Inconsistencies in project approval timelines across different jurisdictions are creating major financial exposures for mining companies.

With over 4,000 known minerals and countless applications for metals, global innovation and growth is built on resources prospected and processed by the mining sector. Three futures are on the horizon, according to the International Energy Agency (IEA) 2024 Global Critical Minerals Outlook. Mineral demand for clean energy technologies could:

  1. Double by 2030 in a scenario reflecting current policy settings
  2. Almost triple by 2030
  3. Quadruple by 2040 in a net-zero scenario 

Any potential future scenarios will require efficiency improvements, recycling, and most of all – new sites and sources to meet demand.

But research by S&P Global Ratings (previously Standard & Poor’s) of 214 operating and non-operating sites shows average lead time for mines now is nearly three times longer than it was between 1990 to 1999.

Why the wait? The lack of a global mining regulator and changing risk requirements

Over the past 30 years, mine approval processes have shifted from relatively streamlined, technically focused assessments to far more complex, multi-stakeholder regulatory journeys that recognize the need to plan beyond the operational lifespan.

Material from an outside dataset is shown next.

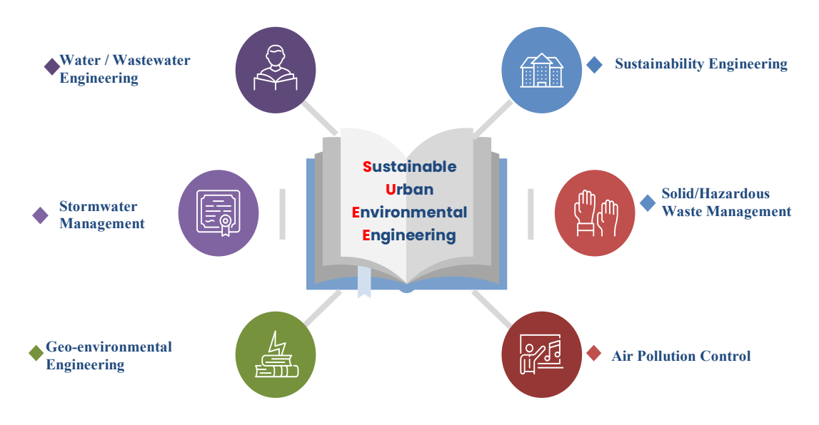
Figure 1. Conceptualization of the concentrated area of the SUEE program

The School of Engineering at Morgan State University (MSU) is proposing the creation of a Sustainable Urban Environmental Engineering (SUEE) Bachelor of Science (B.S.) degree program. This program will provide a leadership role in Maryland's economic and social development by preparing SUEE graduates to join a high-quality educated workforce in an area of national need. The development of a new bachelor's degree in SUEE will contribute to meeting the strategic goals of the university by providing affordable, accessible, and pedagogically structured education and research programs. The formalized degree program will provide vital transformative STEM education and world-changing research opportunities for undergraduate students. The SUEE curriculum trains future engineers to apply their technical understanding to protecting human and environmental health in urban settings. Environmental impacts are a consequence of human development, activities, and the practice of every discipline of engineering. SUEE seeks to educate students across the various sub-disciplines of environmental engineering and will incorporate design, practices, and processes that are harmonious with the Earth's ecosystems.

Unlike other specialty sectors, mining has no unified international regulatory body. National sovereignty remains one of the most critical factors shaping the global mining landscape. Every country maintains full control over the development and regulation of its natural resources – a principle rooted in international law.

Timelines can vary significantly across countries. Projects in the Philippines are reported to have the longest lead times from initial discovery to operation, with an average of over 20 years. Contributing to this is a 12-year open-pit mining ban between 2010-2022, putting projects and operations on hold.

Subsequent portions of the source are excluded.